If LLMs are Just Parrots, Humans are Just Gene Propagators

The phrase: “LLMs cannot be truly intelligent / conscious because they are just next-token predictors”.

This line of reasoning, or slight variations of it, have been adopted broadly across people who think they have some kind of insight into how AI and/or the human mind works. The people who parrot this phrase range from cringe tech bros all the way to AI pioneers, cognitive scientists, and philosophers of mind (not that the latter group cannot also be ridiculous).

The reason why this meme spread so successfully, might have to do with the fact that part of it is obviously true: LLMs are trained as generative models to predict the probability of the next token, at least in the pre-training stage. So there is nothing wrong with this, factually. The issue arises with calling them just next-token-predictors, which is often done in debates around whether they can be considered as truly intelligent. A System 1 pass of the phrase may not ring any alarm bells. After all, no-one ever made a big deal of simple autocomplete functions on the iPhone, for good reason.

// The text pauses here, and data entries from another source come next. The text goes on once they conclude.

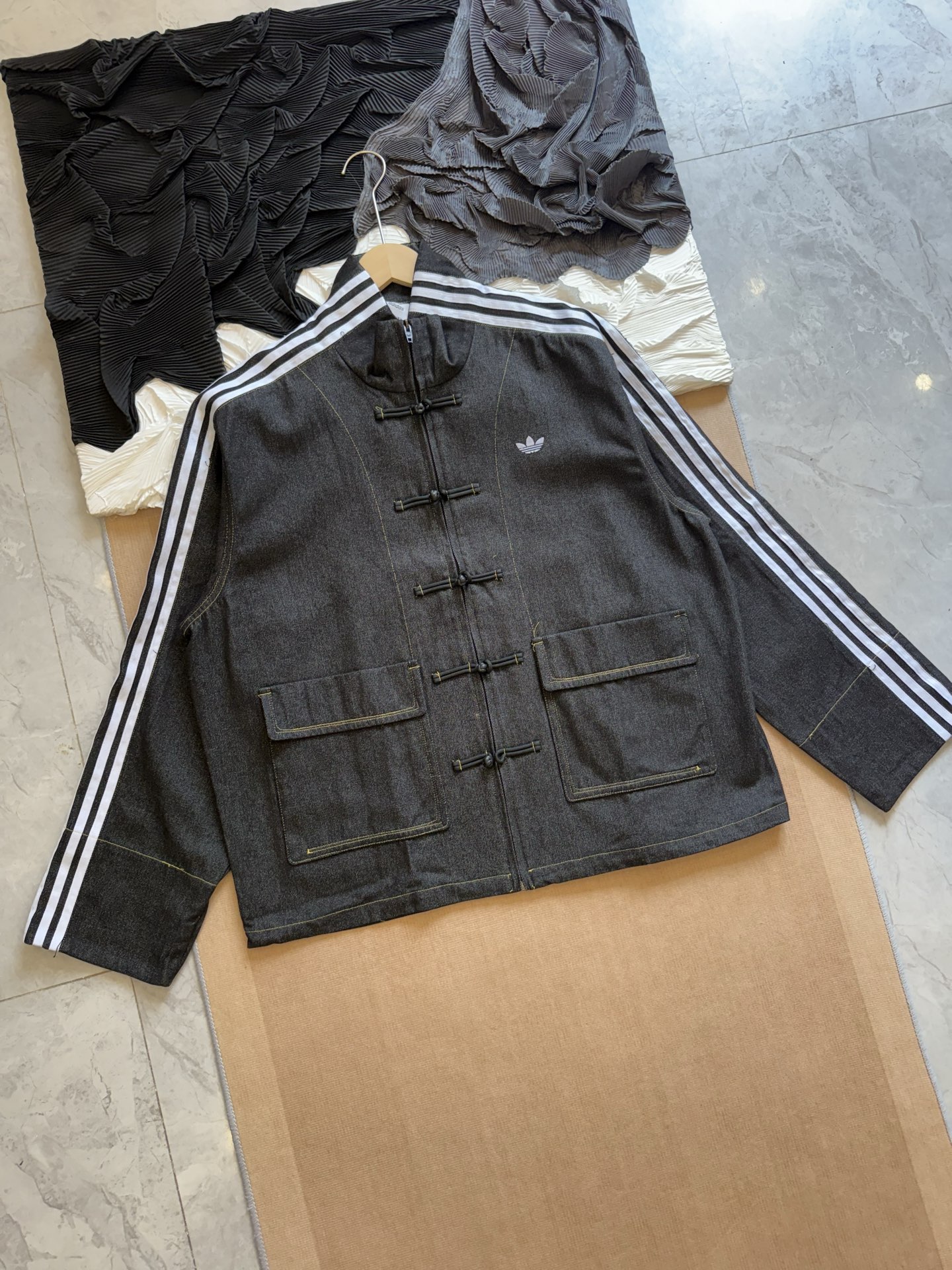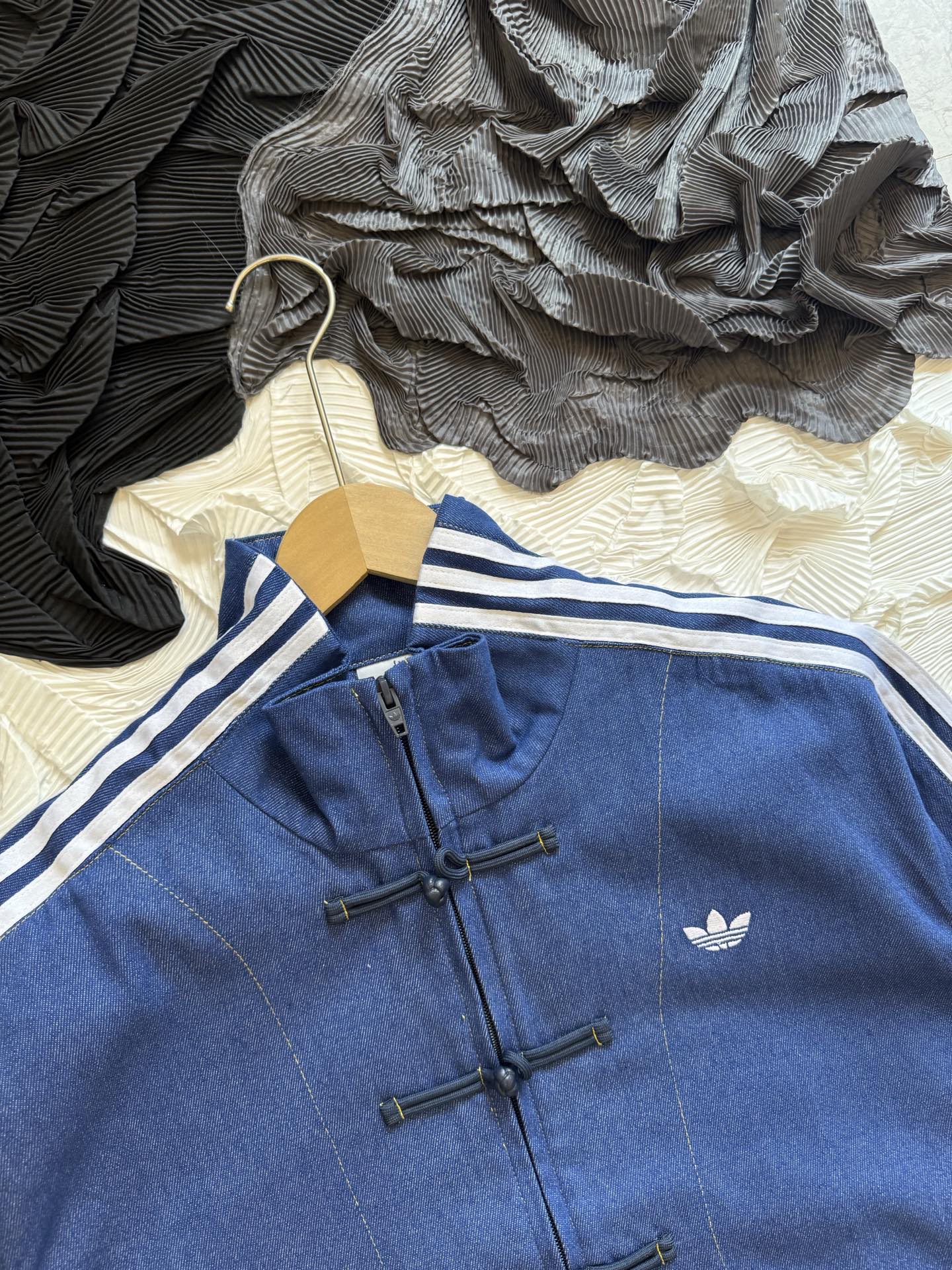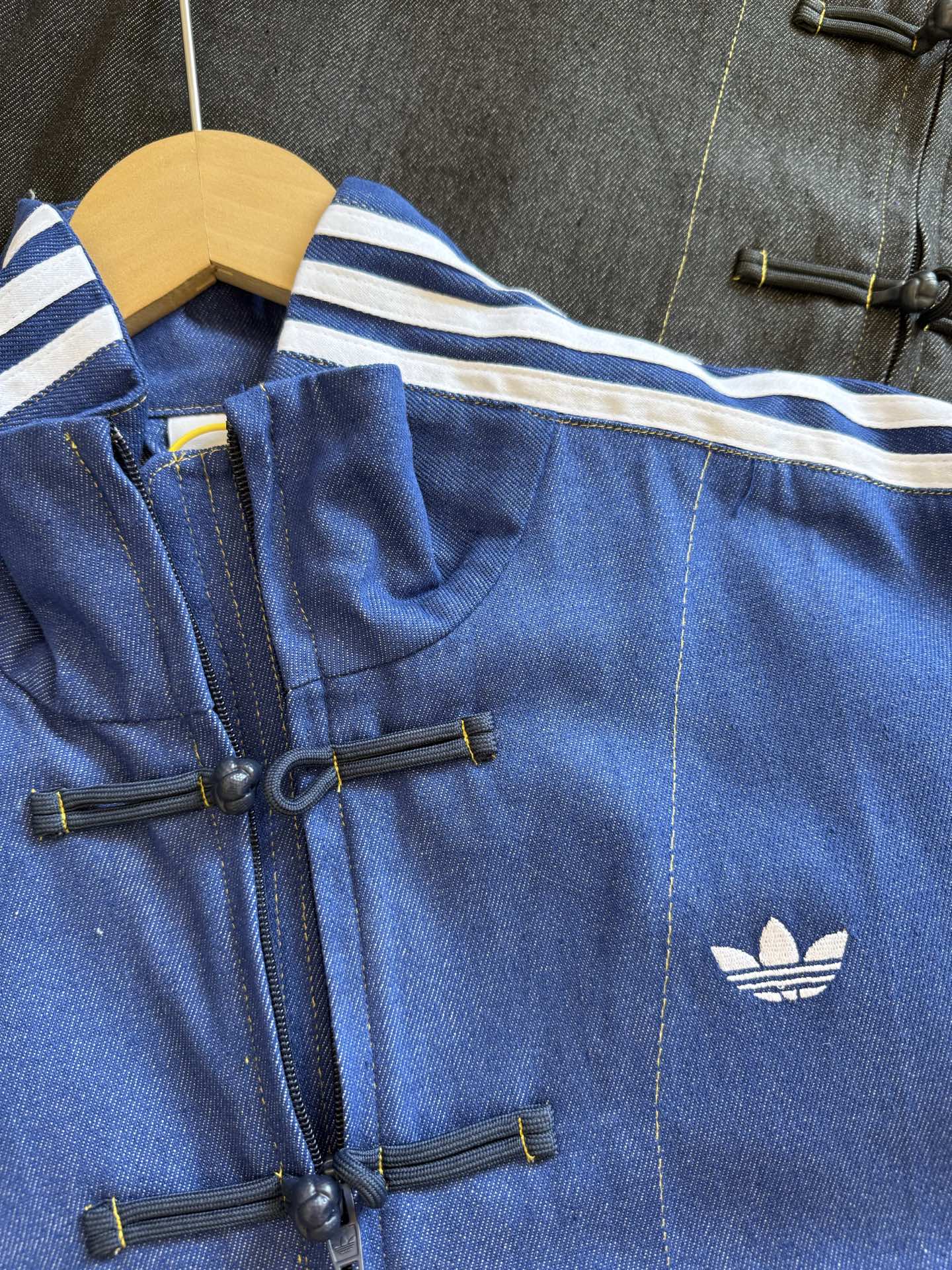 This Adidas denim jacket combines traditional Chinese design with modern streetwear. It features a unique blend of Eastern and Western styles, making it a standout piece for any wardrobe.
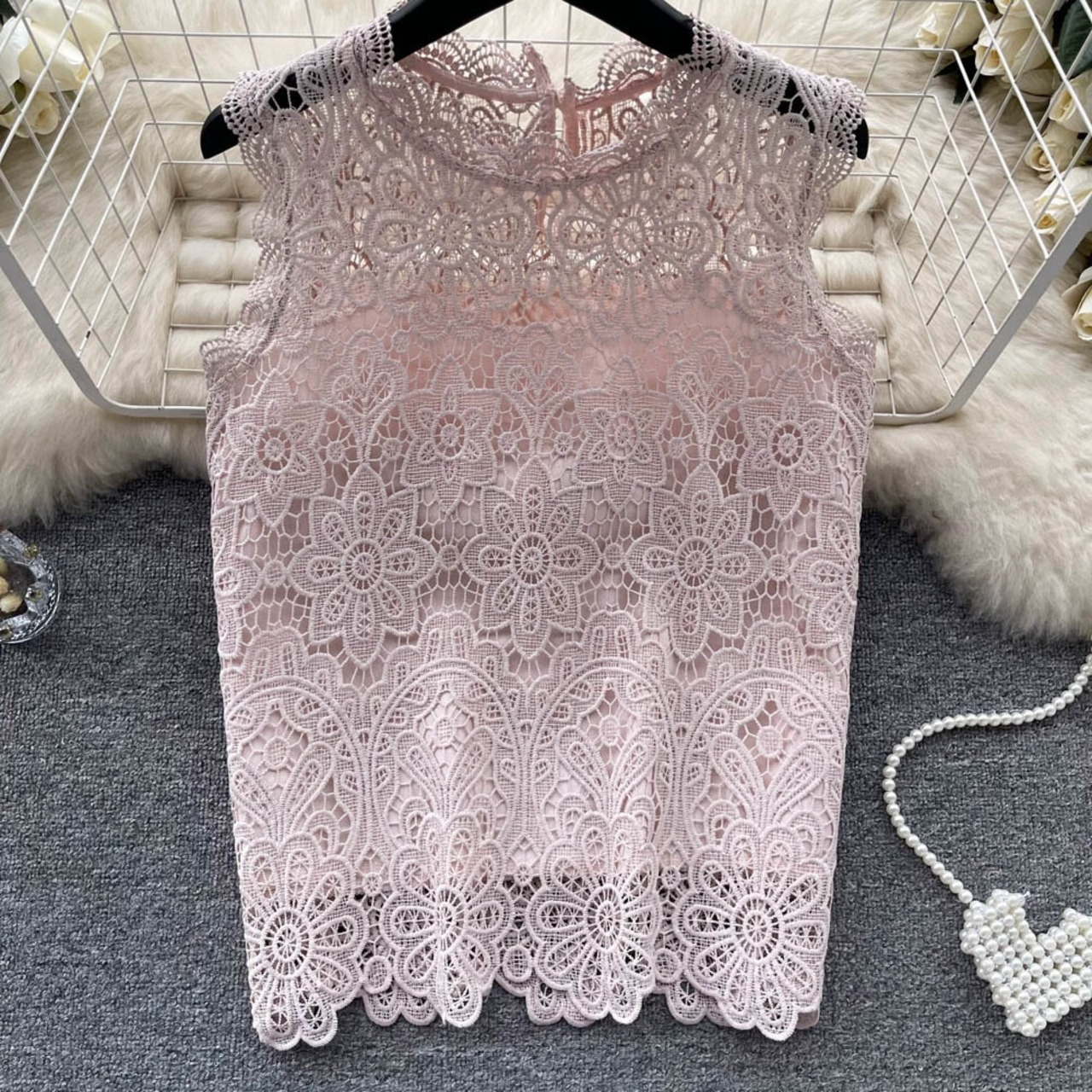 夏の新レトロレース中空フックフラワーラウンドネックトップ女性のオールマッチ痩身気質底シャツノースリーブベスト サマー 夏物 Oネック フラワーデザイン lyxaj79619759426
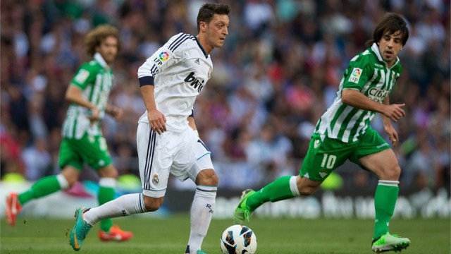 El Real Madrid está ganando al Betis en el Santiago Bernabéu. Los blancos, con la mente puesta en Dortmund, han salido con un once con muchas novedades. La mejor ocasión del partido la ha tenido Cristiano, pero su lanzamiento con la izquierda se estrelló con el palo. A falta de un minuto para el final del primer tiempo Mesut Ozil marcó el primero para el Real. Benzema anotó el segundo a los 56 minutos, en el segundo tiempo. Jorge Molina anotó de penal para el Betis. Al igual que al final de primer tiempo, Mezut Ozil marcó al final del segundo tiempo para cerrar el partido por un 3-1.
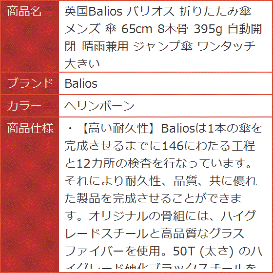 ・「高い耐久性」Baliosは1本の傘を完成させるまでに146にわたる工程と12カ所の検査を行なっています。
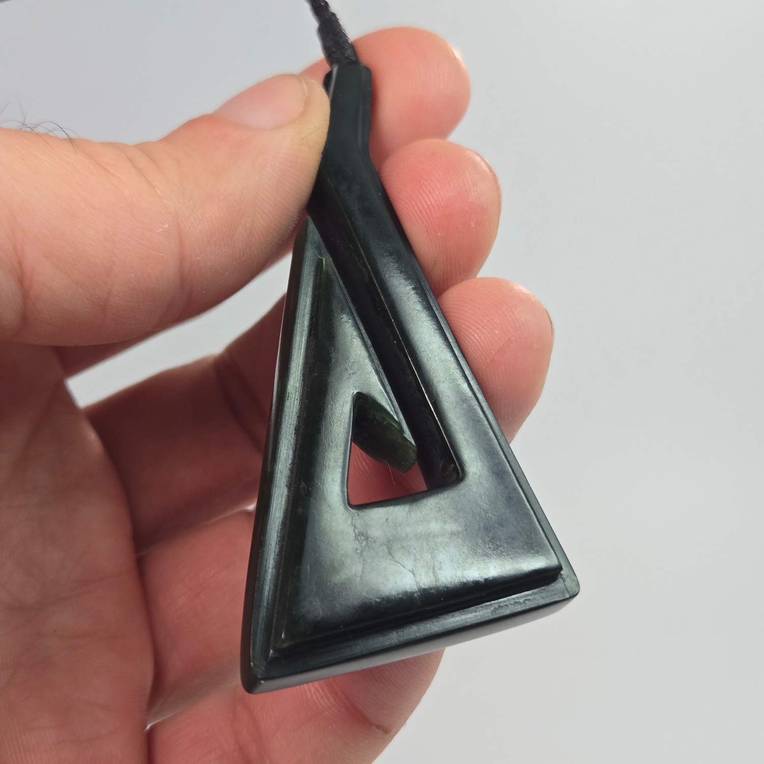 The recessed bevels suggest layers — of experience, of thought, of the unseen shaping the seen. It is a taonga that feels grounded, steady, and intentional. Something to wear as a reminder that direction is not always found — sometimes it is made.
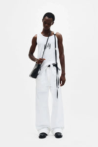 سروال مايكل 5 جيوب عالي الراحة - أبيض - فتحات حزام - شريط غروسغرين مميز قابل للإزالة - إغلاق بزر - 5 جيوب - حواف قابلة للطي - ساق واسعة - مقاس فضفاض - طول أرضي - 100% قطن - صنع في إيطاليا
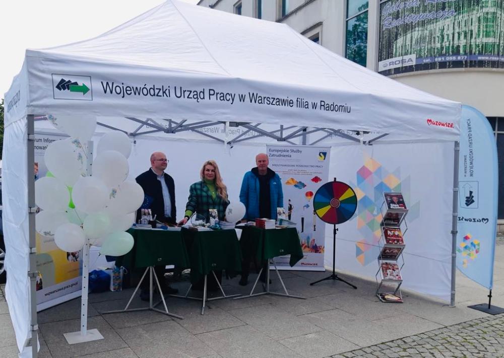 Wśród licznych stoisk edukacyjnych i medycznych znalazło się również stoisko Wojewódzkiego Urzędu Pracy w Warszawie, Filii w Radomiu, które cieszyło się dużym zainteresowaniem uczestników. Obecni na miejscu doradcy zawodowi z Centrum Informacji i Planowania Kariery Zawodowej służyli swoją wiedzą i doświadczeniem, udzielając porad oraz informacji na temat wsparcia dla osób bezrobotnych, usług aktywizacyjnych oraz zagranicznych ofert pracy dostępnych w ramach sieci EURES.
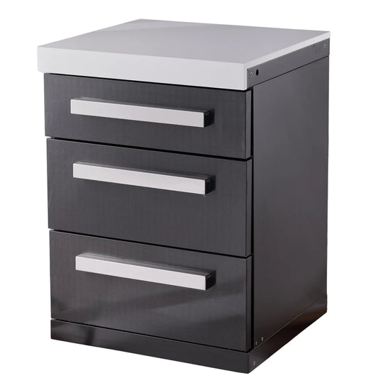 Expand your workspace and declutter your patio with the Mont Alpi Black Series 3-Drawer Cabinet. Designed to seamlessly integrate with your existing Mont Alpi Black Series island, this module provides essential additional counter space and three tiers of storage for your grilling tools, spices, and serving ware.
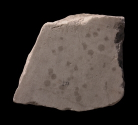 Identification There were many blank areas on the Marble Plan, including the spaces occupied by the Tiber River (see fragment 24d), by gardens, arenas, temple precincts and courtyards--in short, any space devoid of architecture or human construction. In addition, several rows of large marble slabs occupied the entire lower part of the wall of the aula on which the Plan was placed, and probably also the other walls in the room. Blank fragments like this one could have originated from any of these areas.

But we can quickly show how reductive arguments like this fall apart when applied to other cases. Take for instance the phrase “Humans are just gene propagators”. Similarly to the phrase, when removing the word just, the sentence becomes trivially correct. Not only do (a significant part of) humans propagate their genes, but we could even explain the existence of humans based on their success as vehicles to propagate genes (à la selfish gene). But, unless you’re some edgy teenage nihilist, I don’t think you would take this as the basis for rejecting the fields of cognitive science, psychology, sociology etc. In other words, acknowledging that humans can, through one lens, be seen as gene replicators, does not imply that this is the only, or even the most fundamental lens. We could also say “Humans are just carbon oxidizers”. One could potentially find arguments for why this is a more fundamental description than “gene propagators”, but it would also miss the point completely: Reducing humans to one aspect of their behavior or properties may result in interesting thought experiments, but will invariably miss most about their nature. Finally, we may also reduce humans to a generative model, depending on how successful predictive processing theories about the human brain will be.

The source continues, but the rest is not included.